■ DESCRIPTION OF THE TASK
Note every line in the entries that contains the string "with", and copy it.

■ TASK INPUT
<<<<
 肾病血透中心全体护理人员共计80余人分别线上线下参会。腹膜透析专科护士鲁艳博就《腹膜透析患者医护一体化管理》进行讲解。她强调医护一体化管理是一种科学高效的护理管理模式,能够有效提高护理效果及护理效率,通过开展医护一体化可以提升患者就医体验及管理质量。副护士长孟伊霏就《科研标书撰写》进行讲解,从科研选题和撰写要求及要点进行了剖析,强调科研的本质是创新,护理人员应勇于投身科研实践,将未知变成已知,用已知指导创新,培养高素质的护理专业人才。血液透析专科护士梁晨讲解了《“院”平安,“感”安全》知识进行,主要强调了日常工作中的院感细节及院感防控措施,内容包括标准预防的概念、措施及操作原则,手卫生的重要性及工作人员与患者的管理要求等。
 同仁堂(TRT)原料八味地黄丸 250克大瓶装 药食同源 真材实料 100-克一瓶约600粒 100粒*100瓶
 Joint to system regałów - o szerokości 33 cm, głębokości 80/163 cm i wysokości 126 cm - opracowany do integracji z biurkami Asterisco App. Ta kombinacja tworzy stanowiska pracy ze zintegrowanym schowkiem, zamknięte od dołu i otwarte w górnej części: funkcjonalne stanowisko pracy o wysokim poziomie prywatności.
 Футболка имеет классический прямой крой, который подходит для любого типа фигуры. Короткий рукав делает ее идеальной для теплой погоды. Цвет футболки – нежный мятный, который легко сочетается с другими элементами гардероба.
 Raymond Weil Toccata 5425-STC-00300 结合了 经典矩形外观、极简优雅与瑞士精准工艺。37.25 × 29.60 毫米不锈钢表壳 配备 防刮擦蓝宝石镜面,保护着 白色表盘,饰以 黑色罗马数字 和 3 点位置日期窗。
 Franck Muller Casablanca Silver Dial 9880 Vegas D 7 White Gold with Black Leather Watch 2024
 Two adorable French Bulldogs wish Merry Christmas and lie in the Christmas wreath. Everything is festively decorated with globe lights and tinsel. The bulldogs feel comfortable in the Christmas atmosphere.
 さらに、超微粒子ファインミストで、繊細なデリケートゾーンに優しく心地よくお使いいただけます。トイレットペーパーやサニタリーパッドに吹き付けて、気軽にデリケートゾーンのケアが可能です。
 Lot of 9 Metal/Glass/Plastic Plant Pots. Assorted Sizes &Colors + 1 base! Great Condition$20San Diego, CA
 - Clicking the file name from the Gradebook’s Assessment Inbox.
>>>>
<<<<
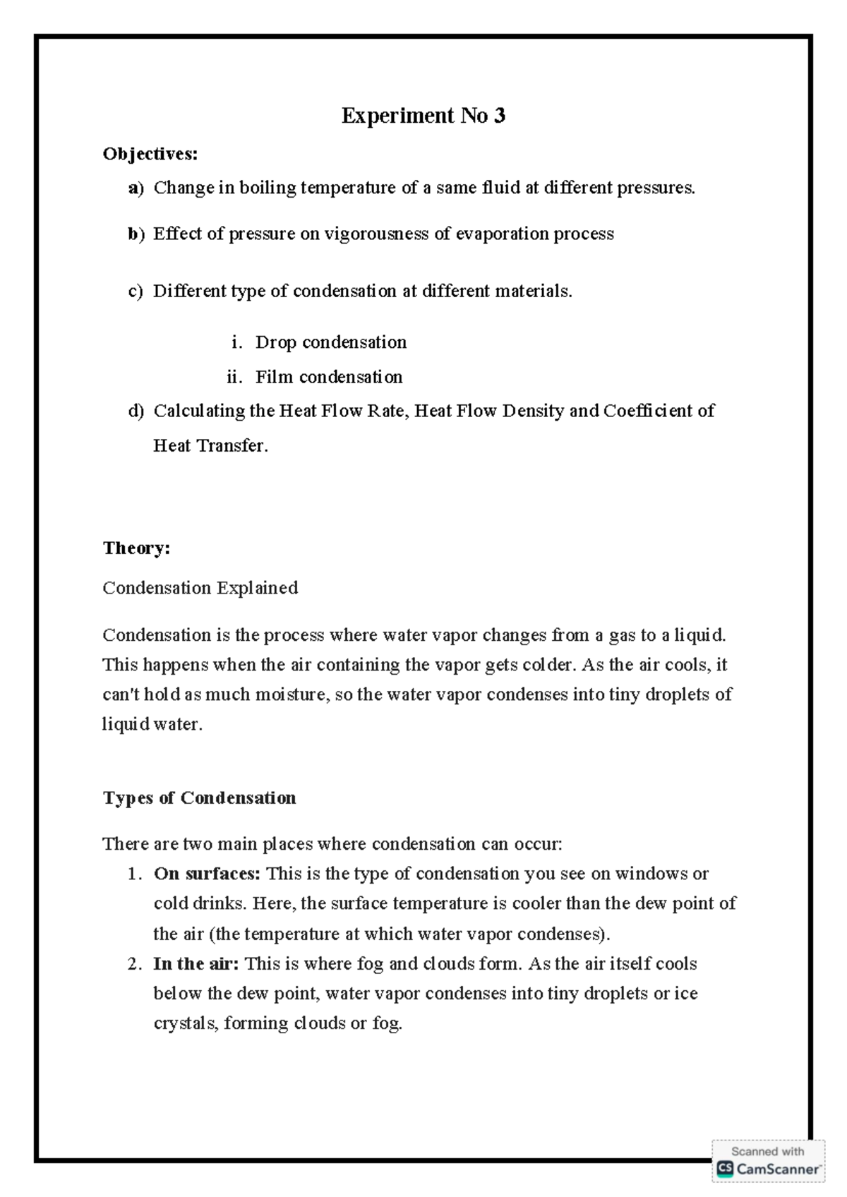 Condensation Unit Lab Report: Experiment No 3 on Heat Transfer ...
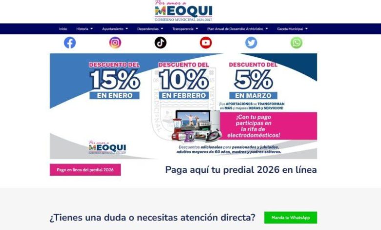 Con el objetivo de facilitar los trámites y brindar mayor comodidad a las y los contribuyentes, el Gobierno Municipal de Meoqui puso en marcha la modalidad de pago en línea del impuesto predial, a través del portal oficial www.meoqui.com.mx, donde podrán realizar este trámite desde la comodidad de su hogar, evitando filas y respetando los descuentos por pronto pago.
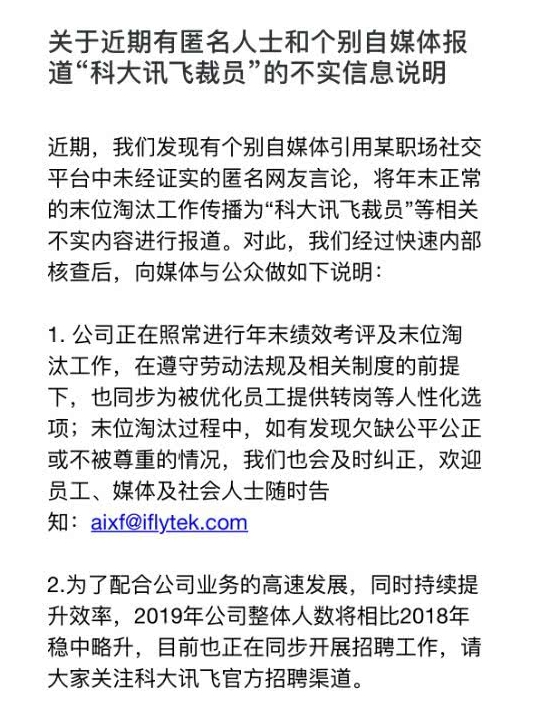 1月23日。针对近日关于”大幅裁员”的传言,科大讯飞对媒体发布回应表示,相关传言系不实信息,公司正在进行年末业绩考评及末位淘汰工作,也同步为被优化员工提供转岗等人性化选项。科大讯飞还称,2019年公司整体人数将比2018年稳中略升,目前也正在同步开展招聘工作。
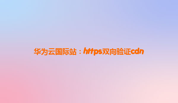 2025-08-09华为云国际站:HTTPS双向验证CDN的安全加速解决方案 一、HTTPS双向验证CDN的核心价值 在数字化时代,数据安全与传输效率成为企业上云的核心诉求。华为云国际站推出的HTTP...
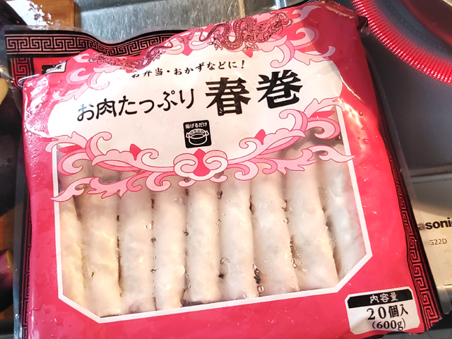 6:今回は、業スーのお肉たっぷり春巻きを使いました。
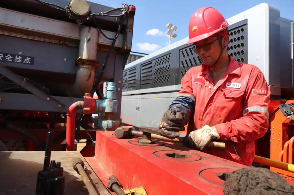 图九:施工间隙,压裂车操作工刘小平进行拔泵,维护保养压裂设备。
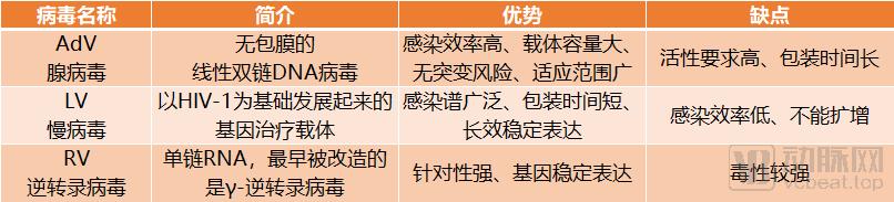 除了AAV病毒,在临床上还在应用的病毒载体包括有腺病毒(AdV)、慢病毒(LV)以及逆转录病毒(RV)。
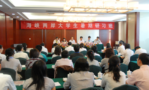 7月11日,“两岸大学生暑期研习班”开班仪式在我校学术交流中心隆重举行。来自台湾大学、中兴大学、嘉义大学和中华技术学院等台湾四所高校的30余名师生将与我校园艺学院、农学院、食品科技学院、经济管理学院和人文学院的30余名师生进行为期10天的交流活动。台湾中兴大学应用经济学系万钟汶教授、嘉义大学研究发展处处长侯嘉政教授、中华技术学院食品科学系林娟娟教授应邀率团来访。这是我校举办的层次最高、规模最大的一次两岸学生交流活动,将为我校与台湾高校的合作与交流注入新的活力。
>>>>
■ RESULT OF THIS EXERCISE
 Franck Muller Casablanca Silver Dial 9880 Vegas D 7 White Gold with Black Leather Watch 2024
 Two adorable French Bulldogs wish Merry Christmas and lie in the Christmas wreath. Everything is festively decorated with globe lights and tinsel. The bulldogs feel comfortable in the Christmas atmosphere.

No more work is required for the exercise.